The addendum to a plea agreement signed by Kelly Goodlett, one of four former officers charged last month by the U.S. Department of Justice, details how investigators allegedly worked to falsify the warrant affidavit to make a connection between drug suspect Jamarcus Glover and Taylor's Springfield Drive apartment.
It also claims that Goodlett's partner, former Detective Joshua Jaynes, made the decision to bring the affidavit to Jefferson Circuit Judge Mary Shaw. Goodlett admitted she had heard Jaynes "make comments suggesting that he believed that Judge Shaw would not closely scrutinize his warrants," the document says.
The addendum to Goodlett's Aug. 23 plea deal is the "factual basis" for her guilty plea. And it provides a behind-the-scenes account of officers intentionally working to tie a drug investigation into Glover and his associates in Louisville's Russell neighborhood to Taylor's apartment some 10 miles away.

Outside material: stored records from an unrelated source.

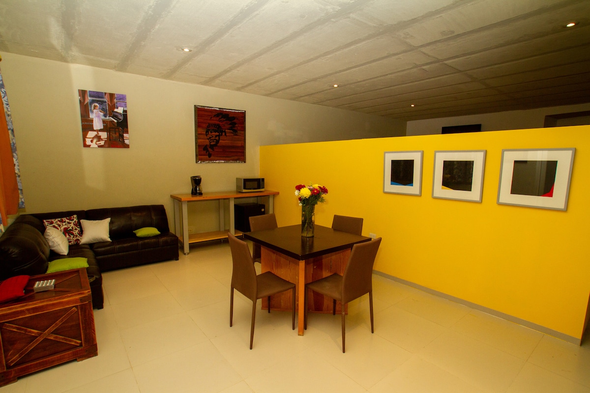 Tämä paikka on strategisesti sijaittu: vierailusi suunnittelu on erittäin helppoa! Kolme korttelia San José Iturbiden pyhätöstä. 1 minuutin päässä lähikaupoista. Helppo pääsy itäiseen Libramientoon 10 minuutin päässä Mission Hillsistä ja teollisuusalueelta. Keskustan huoneisto, lähellä yökerhoja ja baareja. Huoneisto 1 king-size-vuode 1 vuodesohva 1 kylpyhuone Varusteltu keittiö Pihamaalla Autotalli pienelle autolle *ei sisällä pesukonetta tai kuivausrumpua *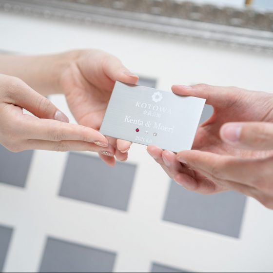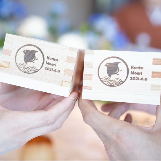 桝タワーの点灯後、日本酒での乾杯ができるように、ゲストの名前入りのオリジナル桝を席札がわりに使用するというアイデアも、プランナーさんと相談して叶えることができました。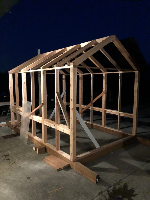 Joe chose to use utility grade materials because it is cheaper and the dimensions are easier to work with. It’s a greenhouse, not a house, and it’s ours, not for a client.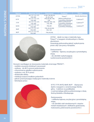MATERIAŁY ŚCIERNE dyski na welurze Nazwa 237AA 977F 777F 947D 964F 967F Rozmiar (mm) ø 2’’, 3’’, 115, 127, 150, 300 ø 2’’, 3’’, 115, 127, 150, 300 ø 2’’, 3’’, 115, 127, 150, 300 ø 2’’, 3’’, 115, 127, 150, 300 ø 2’’, 3’’, 115, 127, 150, 300 ø 2’’, 3’’, 115, 127, 150, 300 Ziarnistość A160, 100, 80, 65, 45, 30, 16,6 P40, 60, 80, 100, 120 P60, 80, 100, 120, 150, 180 P60, 80 Podkład Trizact™ płótno poliestrowe z powłoką chłodzącą płótno poliestrowe z powłoką chłodzącą płótno poliestrowe z powłoką chłodzącą 3M TM Nasyp tlenek aluminium CubitronTM CubitronTM CubitronTM P36, 40, 60, 80, 100, 120 P36, 60, 80, 237AA - dyski na rzep z materiału typu Trizact™ z nasypem strukturalnym z tlenku aluminium. Gwaratują jednorodną jakość wykończenia przez cały czas pracy narzędzia. Zastosowania: • szlifierka - kątowa, oscylacyjna z prostokątną stopą • do obróbki wykańczającej ( polerowanie powierzchni ) Korzyści wynikające ze stosowania materiału ściernego TRIZACT : • szybkie usuwanie drobnych zarysowań • szybszy - do 80 % proces polerowania • równomierne gładkie wykończenie • szybsza, o ok. 30 % praca • doskonałe efekty • redukcja zużycia środków polerskich • jakość przewyższająca tradycyjne materiały ścierne • łatwiejsza praca 977F, 777F, 947D, 964F, 967F - Elastyczne dyski z nasypem z ceramicznego tlenku glinu - Cubitron na podkładzie z wytrzymałego płótna poliestrowego z dużą ilością dodatku chłodzącego. Zastosowania: • szlifierka kątowa, oscylacyjna z prostokątną stopą • do obróbki stali nierdzewnych i stopów metali nieżelaznych ( delikatne gratowanie, matowanie, polerowanie powierzchni ) 36 dyski na welurze 1815 siatop Rozmiar (mm) Ziarnistość Ilość otworów 115 P24 – P120 bez otworów 125 P24 – P120 bez otworów 150 P24 – P120 bez otworów 180 P24 – P120 bez otworów 200 P24 – P120 bez otworów Podkład fibra 0.38mm / papier typu f fibra 0.38mm / papier typu f fibra 0.38mm / papier typu f fibra 0.38mm / papier typu f fibra 0.38mm / papier typu f Sia TM Nasyp tlenek aluminium tlenek aluminium tlenek aluminium tlenek aluminium tlenek aluminium • Wysoka agresywność przy niskim docisku podczas pracy na szlifierkach rotacyjnych • Łatwa i szybka wymiana krążka dzięki rzepowemu systemowi siafast • Alternatywa kosztowa do krążków fibrowych • Do pracy na sucho przy obróbce wszelkich metali Zastosowania • Do szlifowania stali czarnej, nierdzewnej, aluminium i tytanu • Od szlifu zgrubnego do ostatecznego • Wyrównywanie powierzchni • Usuwanie zadziorów • Usuwanie rdzy • Obróbka spawów i zgrzewów 1815 siatop jest przystosowany do zbierania dużych nadmiarów dzięki zastosowaniu specjalnego ziarna, spoiwa i dodatków chłodzących. Nie wymaga dużych obrotów i docisku, co redukuje przebarwienia na stali nierdzewnej. 37 MATERIAŁY ŚCIERNE Dyski roloc dyski roloc 3MTM System Roloc to unikalny system mocowania ze specjalnym nakręcanym gwintem. Jest on tak zaprojektowany, aby maksymalnie ułatwić pewne mocowanie i łatwe zdejmowanie narzędzia ściernego za pomocą półobrotu w jedną lub drugą stronę. 3M SC-DR Średnica (mm) 50 75 Ziarnistość Kolor A VFN A MED. A CRS S SFN A VFN niebieski czerwony A MED. A CRS S SFN brązowy szary niebieski czerwony brązowy szary Zalecane obroty 25 000 25 000 25 000 25 000 18 000 18 000 18 000 18 000 • Elastyczne dyski z włókniny 3M Surface Conditioning do obróbki wykańczającej • Cechuje je znacznie dłuższa żywotność w porównaniu z tradycyjnymi drobnoziarnistymi materiałami ściernymi • Dzięki przestrzennej konstrukcji nie przegrzewają obrabianych powierzchni • Są świetnym produktem do czyszczenia, usuwania niewielkich defektów i końcowego szlifowania metali 3M SC-DR Zalecane obroty Ziarnistość Kolor 50 A CRS HD (P80) A CRS SD (P50) fioletowy niebieski 25 000 25 000 75 A CRS HD (P80) fioletowy 18 000 A CRS SD (P50) niebieski 18 000 Średnica (mm) • Najagresywniejsze dyski z włókniny Scotch-Brite z ziarnem ceramicznym Cubitron • Pozwalają usunąć niewielkie spawy, a jednocześnie zapewniają delikatne wykończenie powierzchni 38 3M SL-DR Ziarnistość Kolor 50 A CRS HD brązowy ciemny fiolet 75 A CRS HD Średnica (mm) A CRS SD A CRS SD Zalecane obroty 25 000 25 000 brązowy 18 000 ciemny fiolet 18 000 • Dyski z włókniny Surface Conditioning o przedłużonej żywotności i zwiększonej agresywności • Dyski typu SD są agresywniejsze od typu HD 3M SE-DR Średnica (mm) Ziarnistość Kolor Zalecane obroty 50 A CRS A FIN brązowy / niebieski zielony 25000 25000 75 A MED. A CRS A FIN A MED. czerwony brązowy / niebieski zielony 25000 18000 czerwony 18000 18000 • Są szczególnie polecane do zacierania śladów połączeń spawów, jako kolejny krok po materiałach nasypowych. 3M XL-DR Średnica (mm) 50 75 Ziarnistość Kolor 2S FIN 6A MED. 2S FIN szary beżowy szary beżowy 6A MED. Zalecane obroty 22 000 22 000 15 000 15 000 • Dyski o grubości 6 mm • Charakteryzują się długą żywotnością • Zaprojektowane do delikatnego usuwania zadziorów i niewielkich defektów powierzchni 39 MATERIAŁY ŚCIERNE 3M 361F- do obróbki metali Średnica (mm) 50 Ziarnistość P24+ P36+ P60+ P80+ P100+ 75 P120+ P24+ P36+ P60+ P80+ P100+ P120+ Kolor czarny brązowy pomarańczowy żółty niebieski biały czarny brązowy pomarańczowy Zalecane obroty 25000 25000 25000 25000 25000 25000 18000 18000 18000 żółty 18000 niebieski biały 18000 18000 Podkład - poliester Nasyp - elektrokorund • Mogą być używane do obróbki wszystkich metali 3M SC-DR- do obróbki wykańczającej Średnica (mm) 50 75 Ziarnistość Kolor A VFN A MED. A CRS S SFN A VFN niebieski czerwony A MED. A CRS S SFN brązowy szary niebieski czerwony brązowy szary Zalecane obroty 25 000 25 000 25 000 25 000 18 000 18 000 18 000 18 000 • Elastyczne dyski z włókniny 3M

According to Goodlett and prosecutors, the Louisville Metro Police Department's Place-Based Investigations Unit was focused on Glover's narcotics dealing on Elliott Avenue, while also looking into whether other properties were involved, such as Taylor's apartment and the home of a woman with whom Glover had a child.
The "most important information" linking Taylor's home to the broader investigation was Jaynes' claim on the affidavit that a postal inspector "verified" that Glover was receiving packages there.
Goodlett and Jaynes saw Glover, who had once dated Taylor, pick up a package from Taylor's apartment on Jan. 16, 2020, and believed it contained drugs or proceeds from drug dealing, according to the addition to the plea agreement. They then "attempted to find evidence supporting this gut belief" but weren't able to find any or prove that Glover even went to Taylor's home after that, it says.
In an affidavit presented to Shaw, Jaynes included the fake validation from the postal inspector that Glover was using Taylor's home to receive parcels. But the plea agreement claims that another officer already told Jaynes that "there's nothing there."
Jaynes "expressed disappointment" to Goodlett, who knew from "her training and experience that this information cut against their assumption" that Glover was keeping drugs or money at Taylor's home, according to the plea.
Goodlett knew the officers had a "duty to disclose" this information to Shaw, but she did not object when Jaynes included information in the warrant about the postal inspector.
"She failed to change the statement or to object to it," according to her plea agreement.
Goodlett said in her plea agreement that Jaynes was the lead drafter of the warrant request, while she fact-checked it and added some additional information.
"Det. Goodlett had been ostracized early in her career for attempting to report a fellow officer's use of excessive force, so she decided not to call Det. Jaynes out on this lie, as Det. Jaynes was the lead detective on the case," the plea agreement says.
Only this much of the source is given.